Acórdão nº 947/13.4PCLSB.L1-5 de Court of Appeal of Lisbon (Portugal), 31 de Janeiro de 2017

Magistrado ResponsávelCID GERALDO
Data da Resolução31 de Janeiro de 2017
EmissorCourt of Appeal of Lisbon (Portugal)

Decisão Texto Parcial:


Acordam, em Conferência, os Juizes do Tribunal da Relação de Lisboa.

Relatório: 1.–No processo nº 947/13.4PCLSB, do Tribunal Judicial da Comarca de Lisboa (Instância Central Criminal – 1ª Secção - J14), o Ministério Público acusou, em processo comum para julgamento em Tribunal Colectivo, L. e M., pela prática, em co-autoria material e concurso real, de: -um crime de roubo, na forma tentada, p, e p. no artº 210º/1/ 22º e 23º do Código Penal; -e um crime de furto simples, p. e p. no artº 203º do Código Penal.

* Após julgamento, foi proferida decisão que julgou a acusação parcialmente procedente, por parcialmente provada, e, em consequência: A-Condenou o arguido L.: a)pela prática de um crime de roubo, na forma tentada, p, e p. no art.º 210.2/1, 22.2 e 23.2 do Código Penal, na pena de 1 (um) ano e 6 (seis) meses de prisão; b)pela prática de um crime de furto simples, p. e p. no artº 203.s do Código Penal, na pena de 1 (um) ano de prisão; Em cúmulo jurídico, condenou o arguido na pena única de 2 (dois) anos de prisão.

B-Absolveu o arguido M.

, da prática dos crimes de roubo, na forma tentada, p, e p. no art.2 210.2/1, 22.2 e 23.2 do Código Penal e de furto simples, p. e p. no art.2 203.2 do Código Penal, pelos quais vinha condenado.

* Não se conformando com a decisão, interpôs o arguido L. recurso, com os fundamentos constantes da motivação e com as seguintes conclusões: I-Vem o presente recurso interposto da douta decisão do Tribunal da Comarca de Lisboa (Instância Central Criminal – 1ª Secção -J14) proferida em 6/4/2016 nos presentes Autos, que condenou o Recorrente L. na pena de dois anos de prisão, pela prática de um crime de roubo na forma tentada, II-A referida decisão, em nosso modesto entender, padece dos seguintes vícios: a)Omissão de pronúncia; b)Insuficiência para a decisão da matéria de facto provada; c)Errado julgamento do facto provado nº 8.

A)Da Omissão de Pronúncia.

III-No que respeita ao primeiro vício apontado, bastará ler os factos dados como provados (que nos parece desnecessário reproduzir) para verificarmos que nenhuma menção é feita à situação pessoal dos arguidos, designadamente condições sociais, nível de escolaridade, comportamento anterior e posterior aos factos, etc.

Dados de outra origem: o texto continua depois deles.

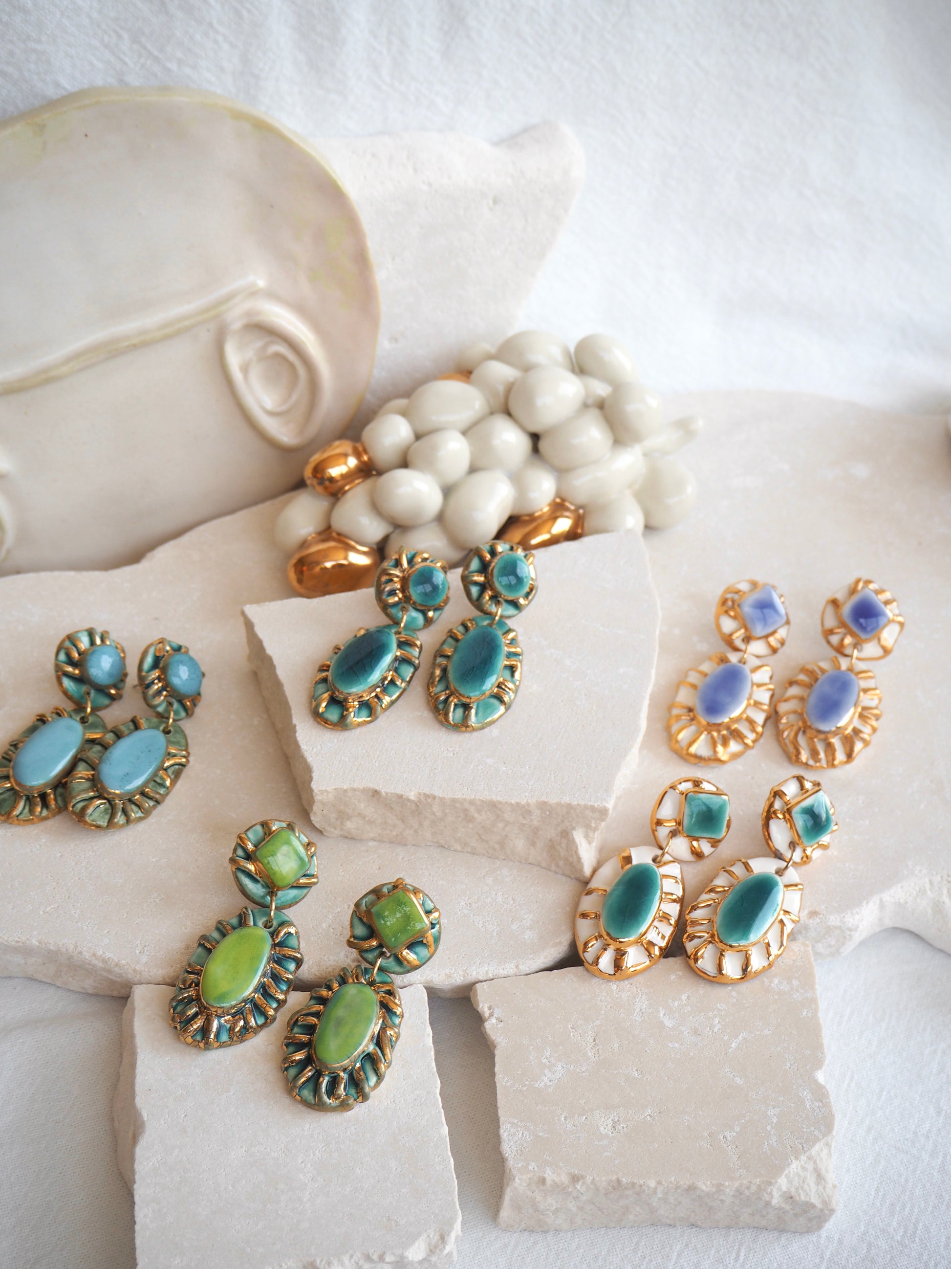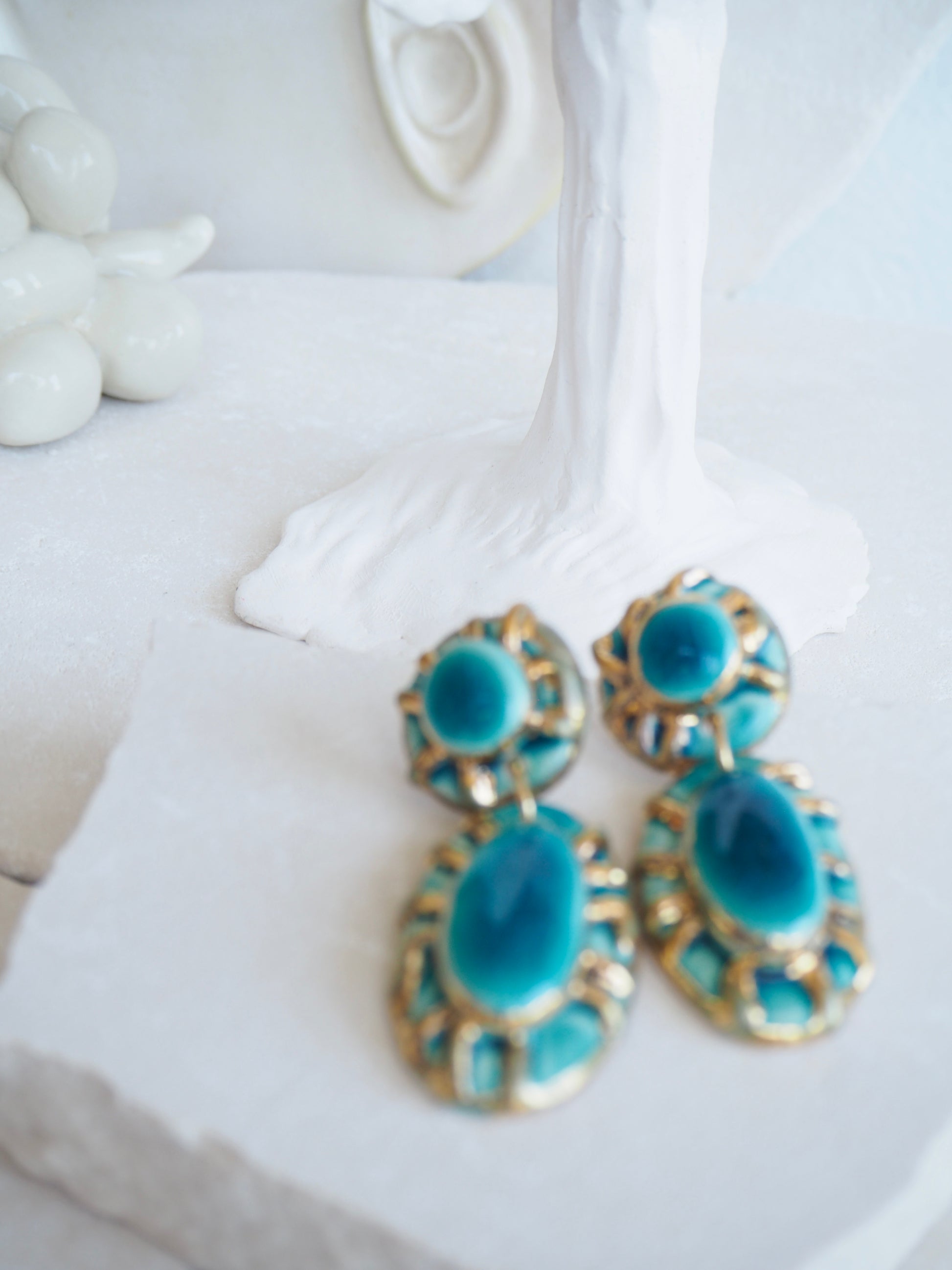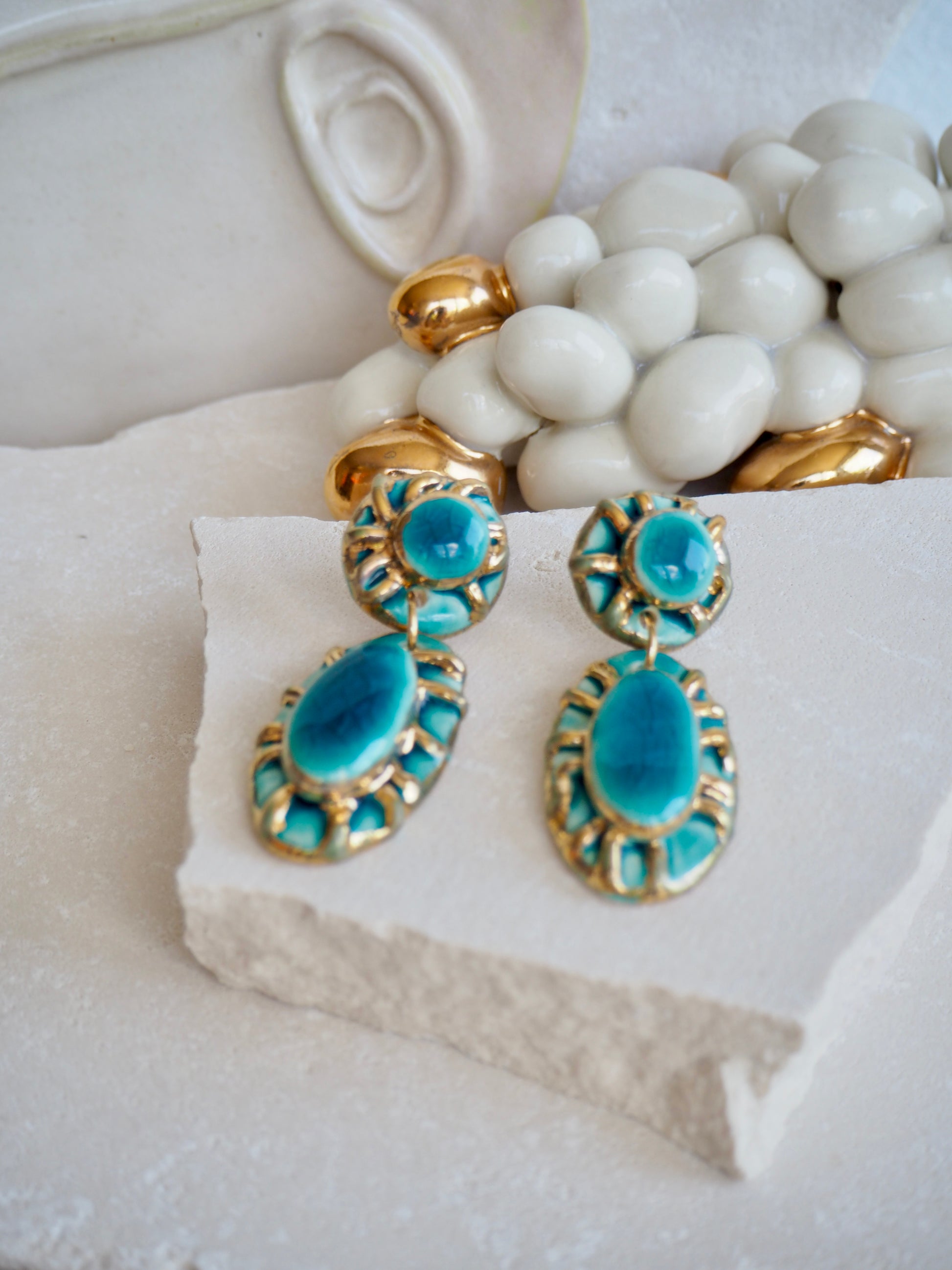 All Earrings’s porcelain clay pieces were fired three times in a Ceramic Kiln for bisque firing, glaze firing and gold lustre firing.

E como tal, não deu o Tribunal cumprimento ao disposto no Artº 71º nº 2 do CP, que dispõe que na determinação concreta da pena o tribunal atende a todas as circunstâncias que, não fazendo parte do tipo de crime, depuserem a favor do agente ou contra ele, nomeadamente "... as condições pessoais do agente e a sua situação económica..." e "...a conduta anterior ao facto e a posterior a este..." (alíneas d) e e) do citado preceito).

IV-E atendendo ao dever que recai sobre o tribunal de procurar a verdade material (Art9º340º nº 1 do CPP) não podia o Tribunal, como o fez na fundamentação, justificar a ausência de referências a essas circunstâncias com a ausência dos arguidos, uma vez que os tribunais dispõem de instrumentos (designadamente mandados de detenção e condução) para os fazer comparecer em audiência de julgamento. E não o tendo feito, violou o referido Artº 340º nº 1 do CP (renunciando à descoberta da verdade material), daí resultando que a douta decisão recorrida não se pronunciou sobre factos essenciais à justa decisão da causa, não cumprindo os requisitos do artº 374º nº 2 do CP, com a consequência da sua NULIDADE, prevista no artº 379º nº 1 al- a) do mesmo diploma.

B)Da Insuficiência para a decisão da matéria de facto dada como provada.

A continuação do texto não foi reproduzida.